After a couple of weeks, Ocean also bucked the trend by turning its online advertising back on and looking for business. “In April 2020, we started to sell holidays for beyond Easter 2021 up to 2024,” said Hastings. Few other companies were doing so, resulting in a flock of locked-down customers easing their frustrated wanderlust by booking a holiday a year or two hence. “In 2020, we ended up selling £40 million worth of holidays,” he adds.

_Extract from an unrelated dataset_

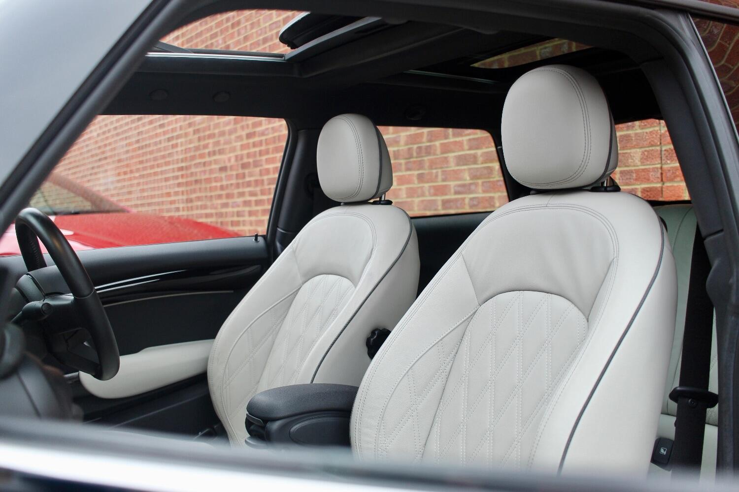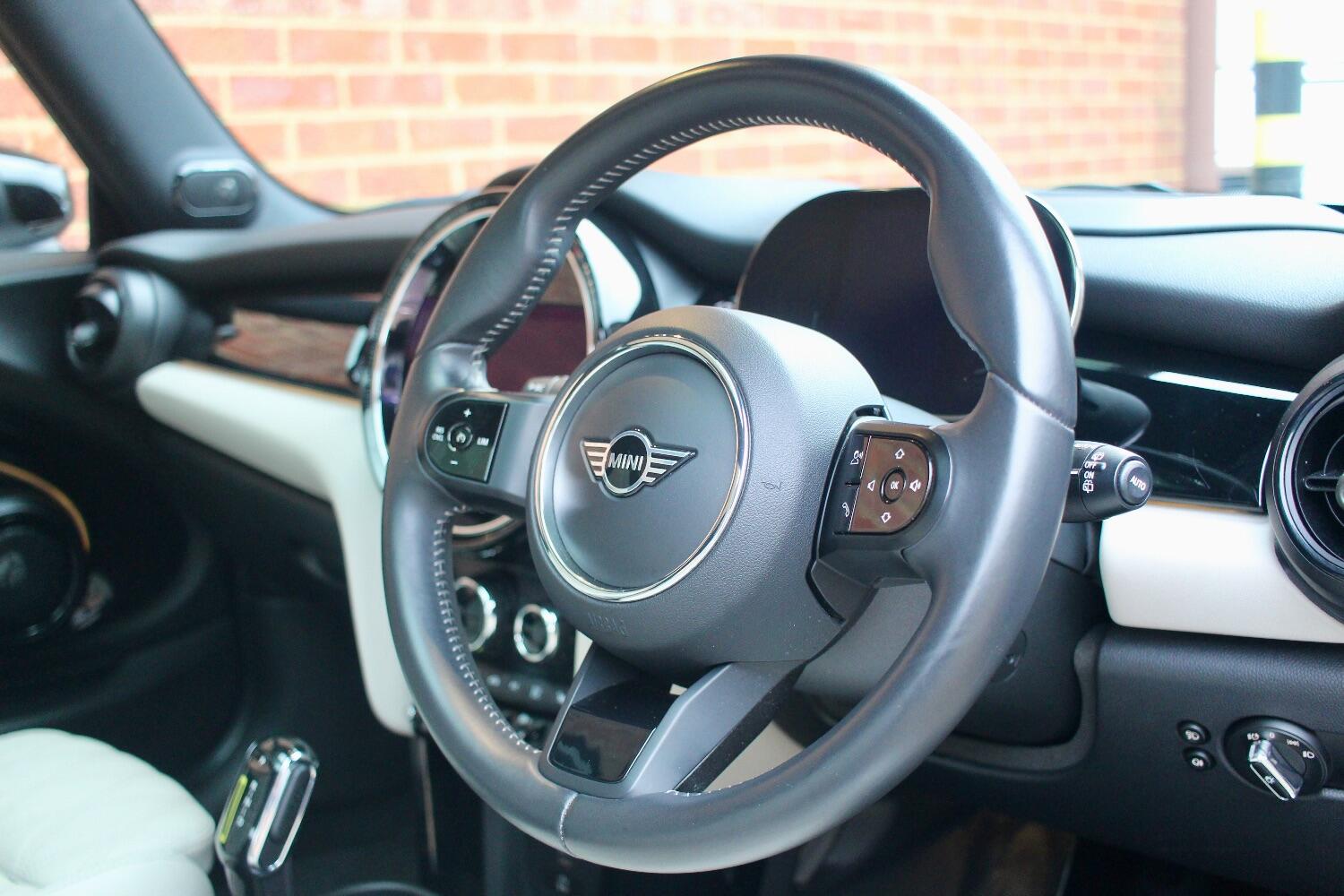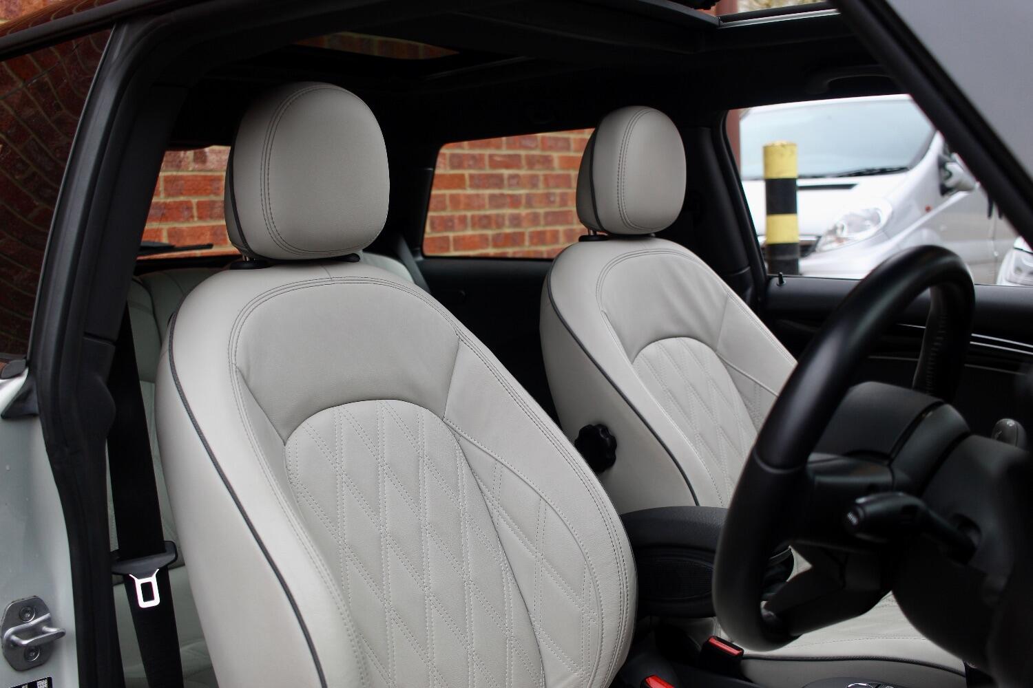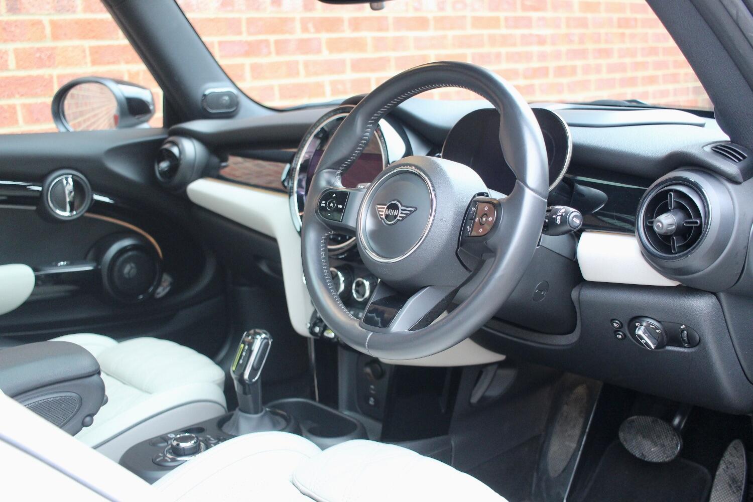 There is a huge specification on this Mini electric level 3 which includes - Electric slide/tilt panoramic sunroof, Lane keeping assist, Full beige lounge leather seats, Heated front seats, Electric folding door mirrors, Comfort access, Reverse camera, Auto dimming interior mirror, Front centre armrest, Anthracite headlining, Piano black interior trim, Ambient lighting, Quick charge cable, MINI driving modes, White silver metallic, Automatic lights and wipers, Automatic air conditioning, Cruise control, Adaptive LED headlights, Automatic high beam assist, Park assist, Front and rear sensors, Harman Kardon audio, Head up display, Apple CarPlay, Connected navigation plus, Bluetooth telephone and media, DAB radio, Wireless charging, Gloss black exterior pack.

Fast forward and the company is going strong. Ocean Holidays said its revenues were £78 million last year, when it was named the fastest-growing travel business in the UK by ATOL, the holiday protection scheme. It now has 200 staff and claims to be on track to generate revenues of almost £100 million this year, with earnings before debt interest, tax and non-cash items of “between £6 million and £7 million”, said Hastings.

The business has its roots in the 1990s, when the Ox brothers set up a business selling holidays to Dubai on Teletext, the TV-based forerunner of the internet whose pages looked like they had been drawn with Lego bricks. Daniel Ox was 19 at the time, enjoying life as a sometime DJ in Spain but not really going anywhere career-wise. “I had just dropped out of university and was messing around,” he said. “My dad was a bit of an entrepreneur — the family had fruit and veg stalls on Romford market for generations — and he said to me and my brother, ‘Why not start a travel company?’ ”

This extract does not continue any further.